Last year, the company was hit with a €2.4 billion (nearly $2.8 billion USD) antitrust fine after EU officials determined Google cooked its search results to benefit its own shopping services — and disadvantage the services of others. Apart from the fine, the European Commission (EC) gave Google 90 days to “stop its illegal conduct” and offer other price-comparison services the chance to compete on a balanced playing field.
“Google’s strategy for its comparison-shopping service wasn’t just about attracting customers by making its product better than those of its rivals,” said Margrethe Vestager, the EU’s antitrust chief, at the time. “It denied other companies the chance to compete on the merits and to innovate. And, most importantly, it denied European consumers a genuine choice of services.”

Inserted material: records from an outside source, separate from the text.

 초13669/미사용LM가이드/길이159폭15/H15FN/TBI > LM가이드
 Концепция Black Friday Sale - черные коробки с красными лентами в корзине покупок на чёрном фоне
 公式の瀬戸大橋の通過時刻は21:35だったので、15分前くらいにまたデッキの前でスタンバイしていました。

The ruling found that Google does not apply its own shopping service to its algorithm, which ranks search results on quality and relevance to the user.
In addition, the ruling came at the end of a seven-year investigation of Alphabet’s business practices, urged on by the complaints of several small shopping sites — and the series of large players that joined them. These firms demanded Google either be sanctioned or even broken up for the ways it has used search to unfairly tip the market toward itself. News Corporation, Axel Springer SE and Microsoft were among the complaining firms.

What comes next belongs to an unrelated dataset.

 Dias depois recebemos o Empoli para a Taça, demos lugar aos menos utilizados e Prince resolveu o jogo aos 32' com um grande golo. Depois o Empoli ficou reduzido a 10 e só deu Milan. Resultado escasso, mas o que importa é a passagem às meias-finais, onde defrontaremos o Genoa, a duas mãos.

As a result, Google came up with an offer that would allow its rivals to find a place at the top of the search engine’s page.
“We have received the second Google shopping report,” the Commission said, according to Reuters. It didn’t give any additional information.
For their part, rivals do not believe Google is creating a fair playing field and have asked for more regulatory action. Antitrust enforcers can potentially enforce fines of up to 5 percent of Google’s average daily worldwide turnover if it finds the company has failed to comply with its order.